=== Section Start ===

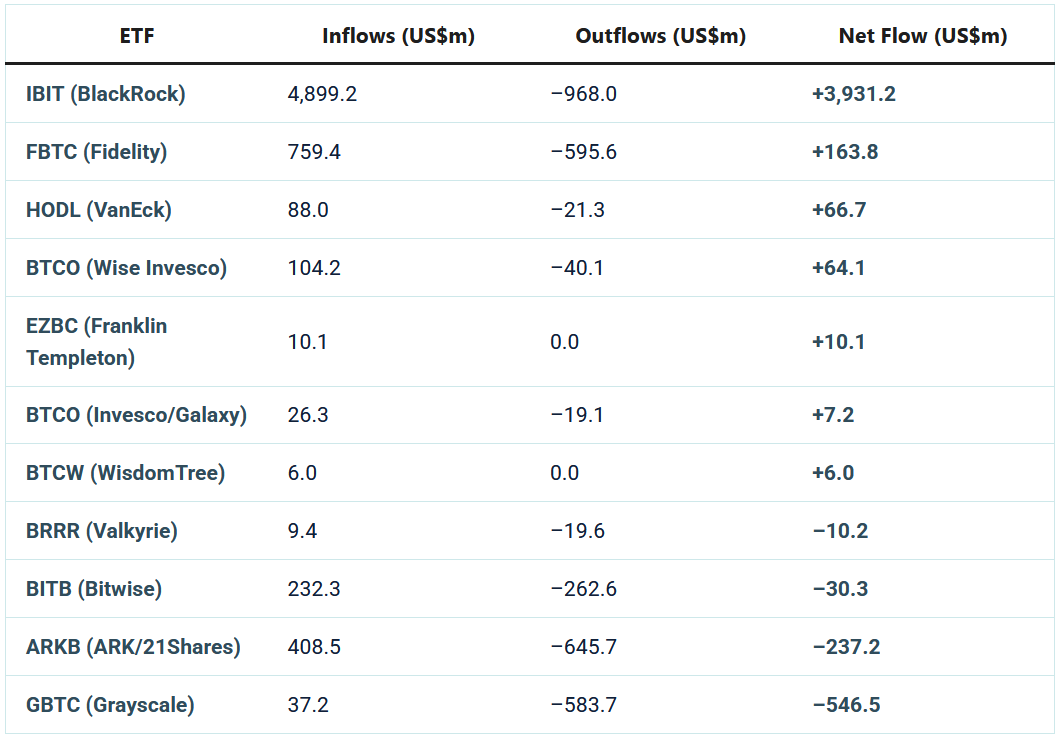 Các quỹ giao dịch trao đổi Bitcoin (BTC) đã phục hồi mạnh mẽ vào tuần cuối cùng của tháng 10, thu hút khoảng 3,43 tỷ đô la dòng vốn ròng, dẫn đầu là 3,93 tỷ đô la của BlackRock và 163,8 triệu đô la của Fidelity .
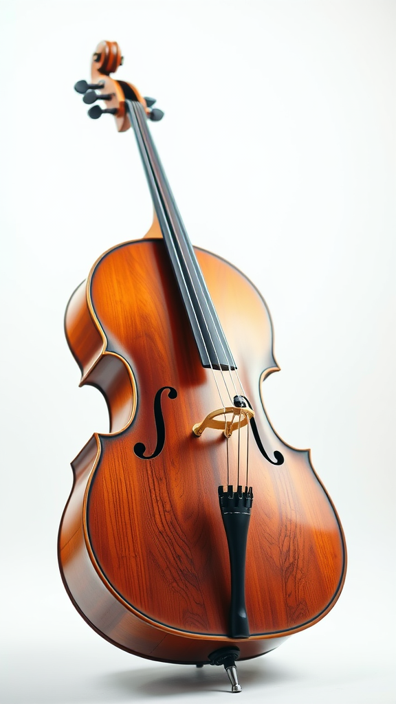 high quality image of a cello, bright, white backdrop, taken with a Leica 50mm lens, f1.4 aperture, showcasing intricate wood grain and craftsmanship, soft background blur to emphasize the instrument's curves and details
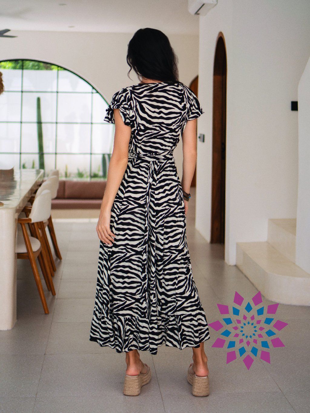 Střih si upravíš utažením v pase i hloubkou výstřihu. Šaty se přizpůsobí postavě, zvýrazní pas a nechají vyniknout dekolt tak, jak ti vyhovuje. Rukávy lehce kryjí ramena, spodní volánek přidává pohyb a udržuje tvar. Na těle jsou lehké, nelepí se a dobře se nosí i celý den.
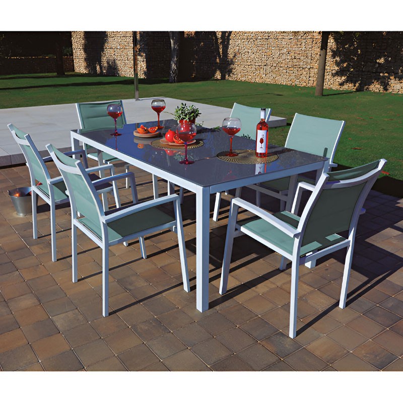 - Design sofisticado: Com uma estrutura de alumínio cinza claro e uma superfície de vidro, esta mesa combina elegância e resistência para criar um ambiente fresco e acolhedor em seu espaço exterior.
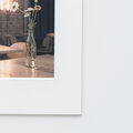 額装用マット紙を用いて写真に余白を与え、そのままの状態で飾っていただけるよう厚みを持たせて仕上げました。印刷には高品質な10色顔料インクと写真用紙を使用しており、色彩豊かなグラデーションと上品な質感をお楽しみいただけます。
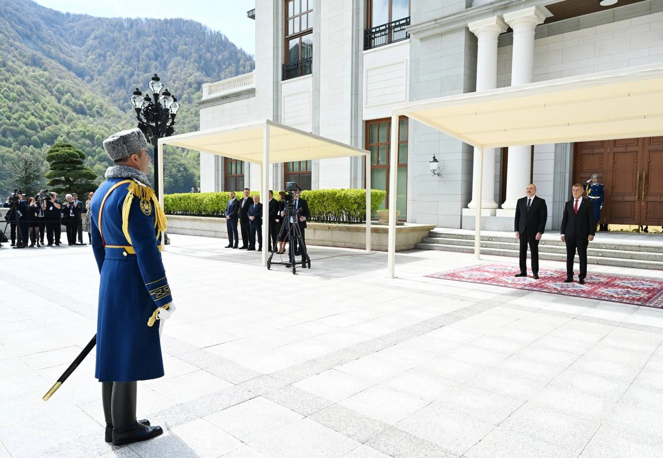 Fəxri qarovul dəstəsi hərbi marşın sədaları altında Azərbaycan Prezidenti İlham Əliyevin və Çexiyanın Baş naziri Andrey Babişin qarşısından keçib.

=== Section End ===

- **YOUR GOAL**
Where the line holding "額装用マット紙を用いて写真に" appears, start copying, and continue exactly through the last line of the listing, both ends included, skipping the pictures.

- **ANSWER TO THE PROBLEM**
 額装用マット紙を用いて写真に余白を与え、そのままの状態で飾っていただけるよう厚みを持たせて仕上げました。印刷には高品質な10色顔料インクと写真用紙を使用しており、色彩豊かなグラデーションと上品な質感をお楽しみいただけます。
 Fəxri qarovul dəstəsi hərbi marşın sədaları altında Azərbaycan Prezidenti İlham Əliyevin və Çexiyanın Baş naziri Andrey Babişin qarşısından keçib.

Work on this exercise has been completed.